_Your assignment_.
Among the lines below, the one containing "Original Unis France" opens the range and the one containing "主廚精心設計的精緻開胃小點,每一道都令人" closes it. Print that range exactly, without the pictures.

_Supplied records_.
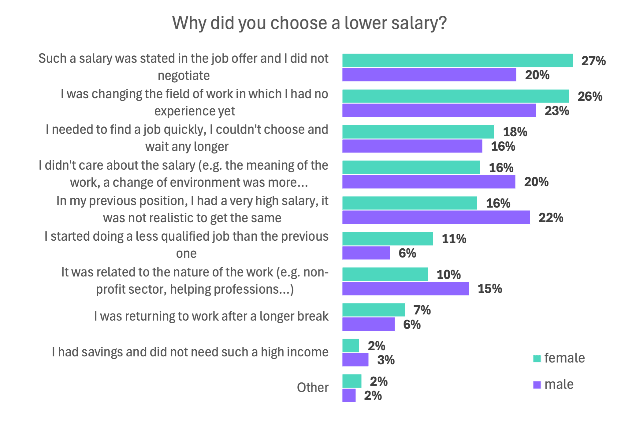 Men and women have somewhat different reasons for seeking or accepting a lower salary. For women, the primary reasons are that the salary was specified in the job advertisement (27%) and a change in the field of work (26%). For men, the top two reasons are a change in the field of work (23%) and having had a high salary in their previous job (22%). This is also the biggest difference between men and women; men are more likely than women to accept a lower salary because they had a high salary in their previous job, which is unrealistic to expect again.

==

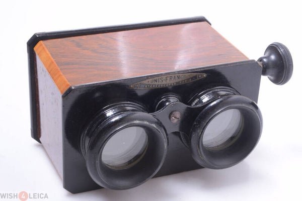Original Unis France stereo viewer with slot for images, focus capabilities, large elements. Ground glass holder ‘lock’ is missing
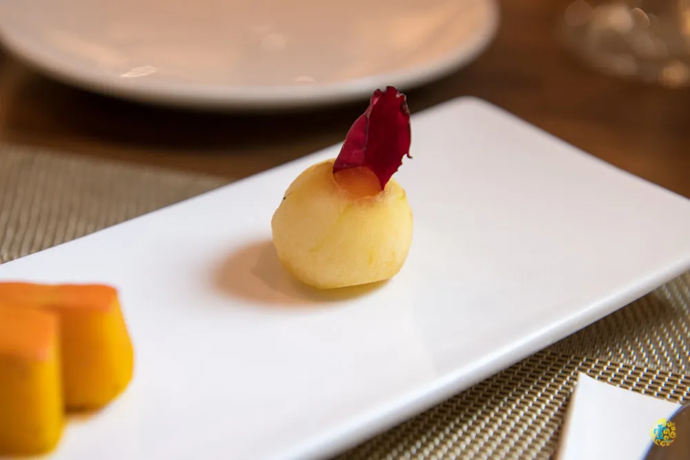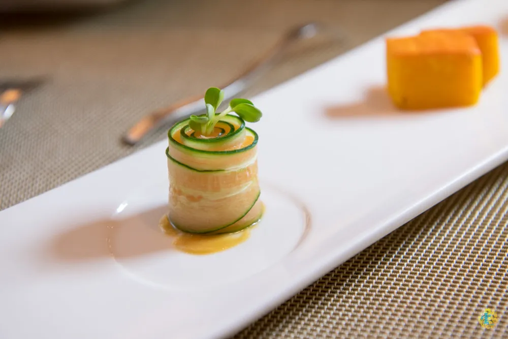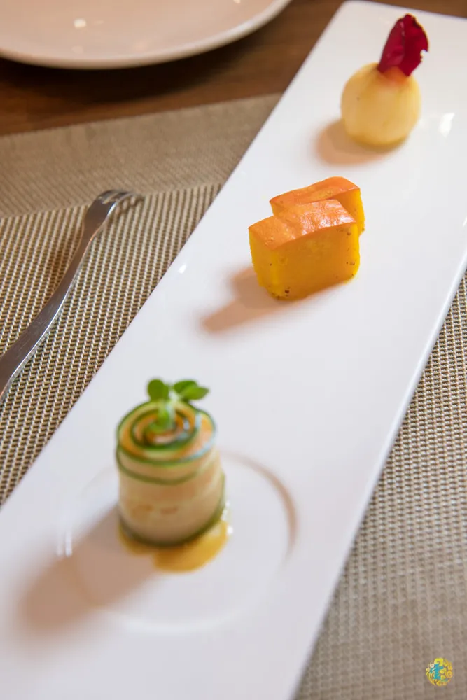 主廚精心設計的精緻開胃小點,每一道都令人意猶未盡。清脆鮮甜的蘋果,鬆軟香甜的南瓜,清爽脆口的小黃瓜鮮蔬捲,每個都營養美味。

---

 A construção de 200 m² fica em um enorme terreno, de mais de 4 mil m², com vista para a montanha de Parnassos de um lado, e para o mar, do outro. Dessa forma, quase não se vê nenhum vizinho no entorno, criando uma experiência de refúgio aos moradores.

_Task output_.
Original Unis France stereo viewer with slot for images, focus capabilities, large elements. Ground glass holder ‘lock’ is missing
 主廚精心設計的精緻開胃小點,每一道都令人意猶未盡。清脆鮮甜的蘋果,鬆軟香甜的南瓜,清爽脆口的小黃瓜鮮蔬捲,每個都營養美味。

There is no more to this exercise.